Мне нужно было быстро всё осваивать, привыкать, экстренно приобретать навыки и ещё учить наизусть свои обязанности, корабельный устав и материальную часть. Но мне даже нравилось. Всё это было по делу.
День за днём, месяц за месяцем я втягивался…
А потом долетело эхо острова Русский. Аукнулись последствия той проклятой записи на бумажке, которую подсунул Котов.
Выяснилось, что в моём личном деле нашлась запись о том, что я активно участвовал в художественной самодеятельности и был высоко оценён командованием. Возможно, таким образом заместитель командира по политподготовке отомстил мне за дерзкую просьбу найти грим.
У меня уже наладилась хоть и трудная, но жизнь, появились друзья-приятели. Я постепенно стал членом экипажа. Меня ставили на вахту. Я уже умел многое…
И вдруг меня вызвал замполит нашего корабля и объявил, что сообщил заинтересованным лицам в Политуправлении нашей флотилии о том, что у него в экипаже есть ценный артист.
В результате нормальная моя корабельная жизнь закончилась.
– Иди сюда, – как-то подозвал меня командир нашей боевой части три, то есть команды минёров.
В команде минёров нас было четырнадцать человек. Наш командир был серьёзный тридцатилетний мужик в звании капитан-лейтенанта.

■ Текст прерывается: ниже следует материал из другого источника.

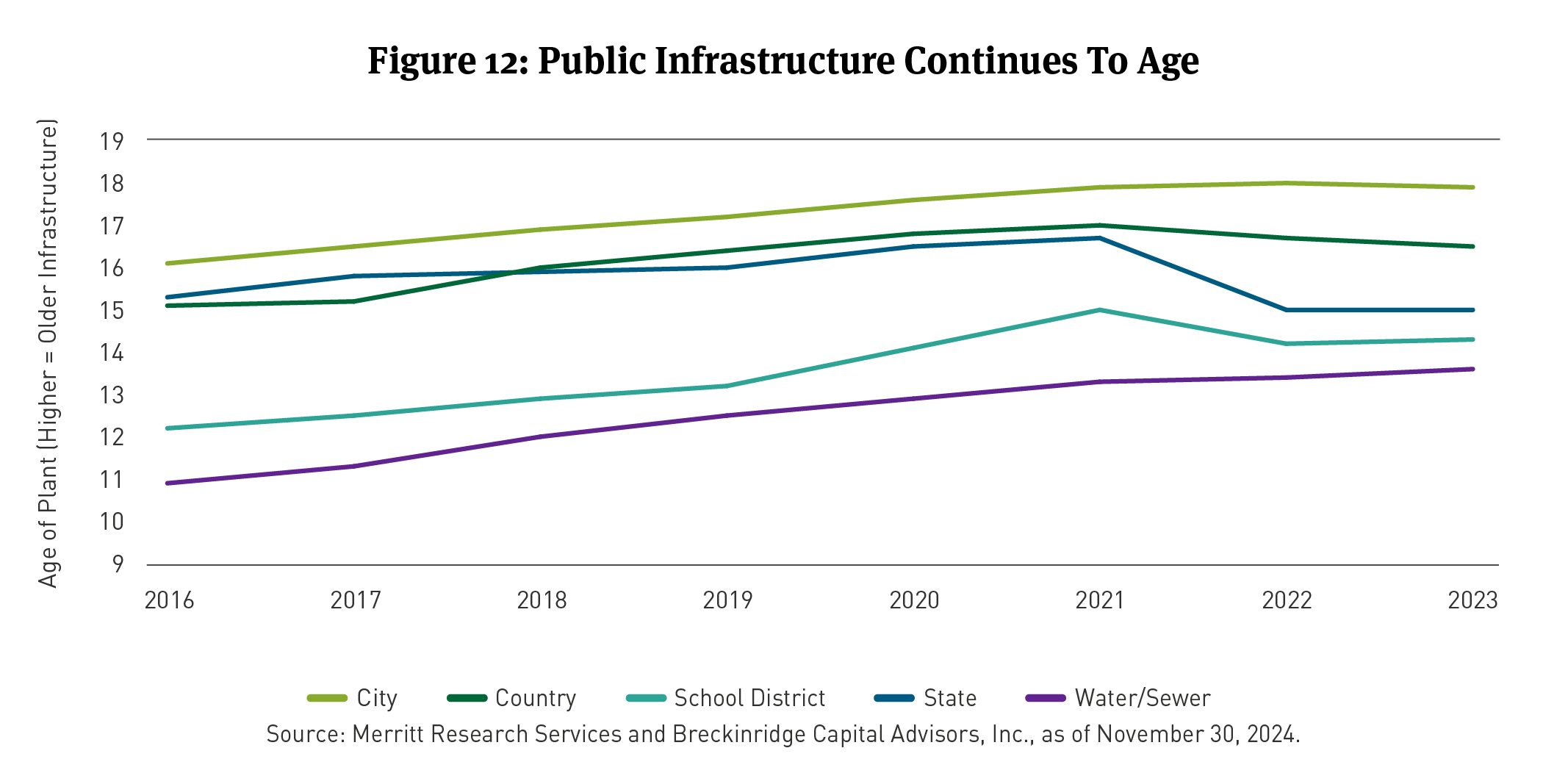Waning federal support and slower revenue growth at the state and local level portends more borrowing for capital needs. Inflation has also increased the cost of infrastructure projects, and most sectors still face a backlog of infrastructure needs (See Figure 12).28
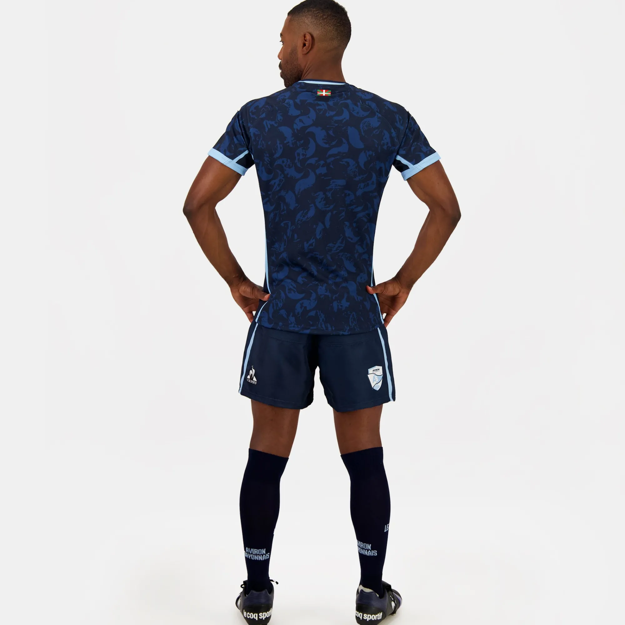 – Logotipo de Aviron Bayonnais en la pierna derecha en la espalda en sublimación

Он любил технику и противолодочное оружие. Оно его интересовало гораздо больше, чем люди. Он мог с закрытыми глазами что угодно собрать, разобрать. Ему было важно, чтобы мы, его команда, ему не мешали и не отвлекали от любимого дела. Он хотел, чтобы его четырнадцать человек подчинённых были частью оружия, которое он так любил. Ему было совершенно безразлично, как мы к нему относимся, как мы относимся друг к другу, что мы едим и как спим. Любые проблемы, связанные с нашим бытом, его раздражали. Если кто-то заболевал, это вызывало у него недоумение. Мы должны были выполнять всё им приказанное механически, а механизмы не могут болеть. Они могут ломаться. Когда один из наших торпедистов во время погрузки тяжёлых торпед сорвался с надстройки, упал на палубу и сломал руку, нашему командиру это было понятно.

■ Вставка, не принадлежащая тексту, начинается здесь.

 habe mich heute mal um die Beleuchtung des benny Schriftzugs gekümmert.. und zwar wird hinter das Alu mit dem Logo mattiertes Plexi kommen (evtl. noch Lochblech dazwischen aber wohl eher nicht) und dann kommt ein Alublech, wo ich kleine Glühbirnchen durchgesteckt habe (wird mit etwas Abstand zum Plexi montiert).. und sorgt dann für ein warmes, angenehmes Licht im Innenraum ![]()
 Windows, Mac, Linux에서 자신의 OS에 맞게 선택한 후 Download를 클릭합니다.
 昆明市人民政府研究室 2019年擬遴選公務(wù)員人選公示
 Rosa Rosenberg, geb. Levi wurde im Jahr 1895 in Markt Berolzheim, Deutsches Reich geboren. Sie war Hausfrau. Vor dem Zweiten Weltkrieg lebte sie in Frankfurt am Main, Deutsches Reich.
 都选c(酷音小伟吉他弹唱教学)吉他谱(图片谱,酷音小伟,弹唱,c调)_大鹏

Он был совершенно лишён юмора. Он не читал газет. И я не могу себе представить, чтобы он любовался небом или морским закатом. Природа для него существовала только в виде хорошей сухой и тёплой или плохой, дождливой и холодной погоды. То есть он был хороший, спокойный и серьёзный человек с понятным поведением и запросами.
– Скажи-ка мне, – сказал он. – Ты что, артист?
– Нет, товарищ ка (все звания на корабле в повседневной жизни упрощали до «ка»), – сказал я улыбаясь.
– А мне замполит сказал, что ты артист и я должен завтра тебя утром отпустить в Дом офицеров.
– Да нет, товарищ ка! Какой я артист.
– Чего нет? Мне приказали тебя отпустить. Я обязан подчиниться. А значит, на вахту вместо тебя я поставлю кого-то другого. Не посоветуешь кого?
Именно так моя нормальная жизнь на «Гневном» и закончилась.
На следующий день меня отправили в Дом офицеров. Там меня встретил очень любезный пожилой капитан III ранга, начальник этого дома. Он без церемоний, как гражданский человек, объяснил мне, что в его ведении есть агитбригада, то есть небольшой коллектив военнослужащих, который периодически собирается и выезжает с концертами в какие-нибудь воинские части. Это очень хорошее дело. Но концертная бригада испытывает трудности, потому что ряд артистов закончили службу, а другие ушли в море. Ему нужна была помощь.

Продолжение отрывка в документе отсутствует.